Georgia Center for Medical Robotics

The Georgia Center for Medical Robotics (GCMR) brings together people with expertise in several areas of medicine as well as technology development from the nano-scale to macro-scale. GCMR is highly interdisciplinary, comprised of people from the Georgia Institute of Technology, Emory University, Children’s Healthcare of Atlanta (CHOA), and Morehouse School of Medicine. One of its unique features is that it addresses the needs of both adult and pediatric populations.

http://medicalrobotics.gatech.edu

Marcus Center for Therapeutic Cell Characterization and Manufacturing (MC3M)

Marcus Center for Therapeutic Cell Characterization and Manufacturing (MC3M) is the first such research center in the United States. The current state-of-the-art in cell therapies involves small scale, hospital-centric processing of cells, operated with minimal characterization, and little involvement of process engineering and QA/QC concepts leading to wide variability and uncertainty in clinical trials.
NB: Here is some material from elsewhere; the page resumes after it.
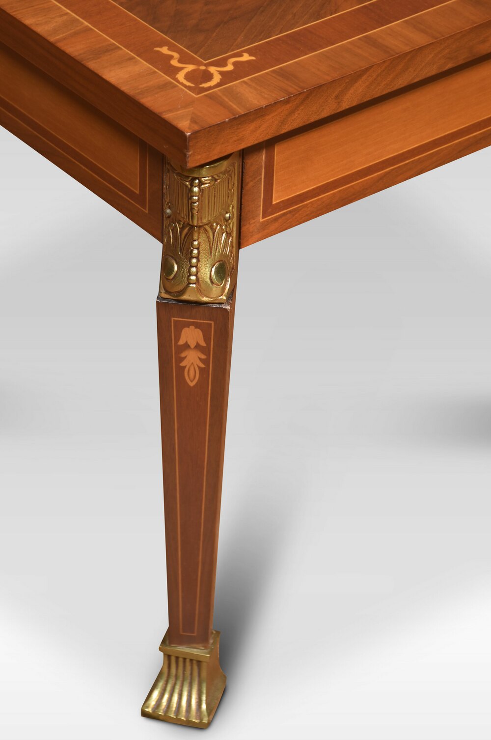 Walnut inlaid coffee table, the inlaid top with floral swag and string inlay. All raised on square tapering legs terminating in brass feet.

In addition to developing new tools and technologies, standards development will be a long term goal of Marcus Center for Therapeutic Cell Characterization and Manufacturing (MC3M).

https://cellmanufacturing.gatech.edu/

Nanomedicine Center for Nucleoprotein Machines

The Nanomedicine Center for Nucleoprotein Machines focuses on understanding and re-directing natural processes for repair of damaged DNA. Human cells have many different repair pathways, each of which involves a different type of nucleoprotein machine. The Center’s five-year goal is to re-engineer the homologous recombination repair machine to provide a clinically applicable gene correction technology. The Center’s vision is to design, produce, deliver, and validate a gene correction device based on engineered zinc finger nucleases. The device will home to the defective gene in the patient’s hematopoietic stem cells and make a precise cut to activate the HR machine, which will replace the mutation with the correct beta-globin sequence. The approach can potentially be extended for treatment of other single-gene disorders.
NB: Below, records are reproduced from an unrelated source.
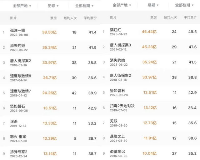 2023年犯罪、悬疑影片评分排名(图源:豆瓣)
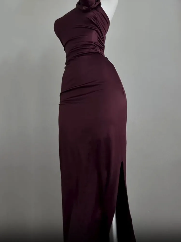 The backless design adds an element of surprise and allure, making it ideal for those seeking a daring yet chic look.
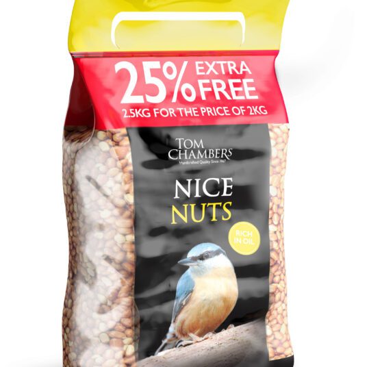 Nice Nuts from Tom Chambers are rich in oil, fats and protein and the perfect all year round, high energy food for garden birds. Nice Nuts are loved by Tits, Finches, Nuthatches and Woodpeckers.

http://www.nucleoproteinmachines.org

Neural Engineering Center

The Neural Engineering Center develops cutting-edge science and technology for measuring, understanding, modifying, and stimulating neural activity. There is a critical need for novel collaborative integration between researchers developing interfacing technologies and those advancing our scientific understanding of brain and nervous system function. Applications of these technologies span advancing understanding of neural function to translational methods that improve clinical outcomes.

https://neuro.gatech.edu/

Pediatric Technology Center

The Pediatric Technology Center (PTC) brings clinical experts together with Georgia Tech scientists and engineers to develop technological solutions to problems in the health and care of children. The PTC provides extraordinary opportunities for interdisciplinary collaboration in pediatrics, creating breakthrough discoveries that often can only be found at the intersection of multiple disciplines. These collaborations also allow us to bring discoveries to the clinic and the bedside, thereby enhancing the lives of children and young adults.

https://ptc.gatech.edu/

Regenerative Engineering and Medicine (REM)

The Regenerative Engineering and Medicine (REM) research center is a joint collaboration between Emory University and Georgia Tech. REM is specifically focused on endogenous repair or how the body can harness its own potential to heal or regenerate. Bone, muscle, nerves, heart, blood vessels, and other tissues each have a baseline ability to regenerate. REM investigators ask what can be done when trauma or disease in humans overwhelms the ability of tissues or organs to regenerate on their own.